Design and construction
- Architect: John Hellyer
- Main contractor: WM Hughes

Other information
- Number of rooms: 16

Website
- www.hollywoodhotelsydney.com.au

= Hotel Hollywood (building) =

Historic hotel in Sydney, Australia

The Hotel Hollywood is a building located on the corner of Foster and Hunt Streets in Surry Hills, Sydney, New South Wales, Australia.

==History==
The building has aesthetic, historical, and social significance. It is one of only five hotels constructed in the Inter-War Functionalist style in the city during a short period between 1938 and 1942; the others are the Australian (Broadway), the Civic, the Kegroom Tavern, and Sutherlands. The hotel is historically 'intact', having had no internal or external alterations of any kind. It is heritage-listed as part of the Sydney Local Environmental Plan on 14 December 2012.

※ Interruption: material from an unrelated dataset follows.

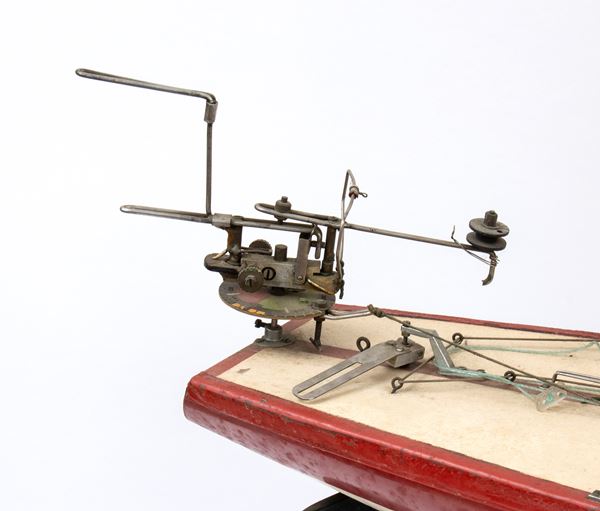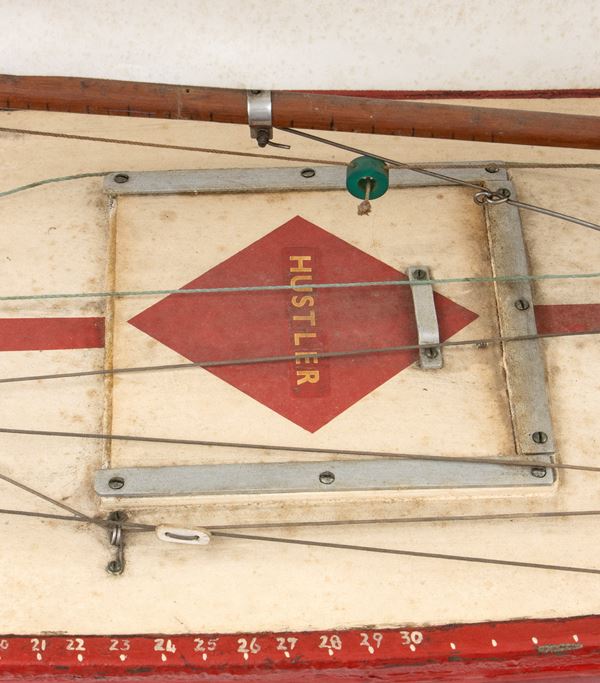 In legno, provvista di motore a controllo radiocomandato (non fornito); su base in mogano; targhetta marcata Hustler. Buone condizioni. Il modellino ha fatto parte degli oggetti di scena di un film di Francesco Nuti.

Once owned by Tooth & Co, it was originally called the Nevada. The Hotel Hollywood acquired its name in 1940 due to its location near the cinema-related industry. It saw women drinking at its bars as early as 1950. It is now most notable for its unpretentious, well-worn interior, the spinning mirror ball, and actress Doris Goddard. Goddard purchased the building in 1978 for $178,000 and remained its publican and proprietress for 42 years, until her death in July 2019. In June 2021, the building was purchased by private investment firm Petersen Group for over $9 million.

== Film and television credits ==
The movie Tim was filmed at the Hotel Hollywood as was Erskineville Kings (1999). The film clip Boots was filmed at the hotel and features Doris Goddard (actress and publican) singing and playing guitar in the credits. Other television series filmed at the Hollywood include Blue Murder, Brides of Christ and Water Rats.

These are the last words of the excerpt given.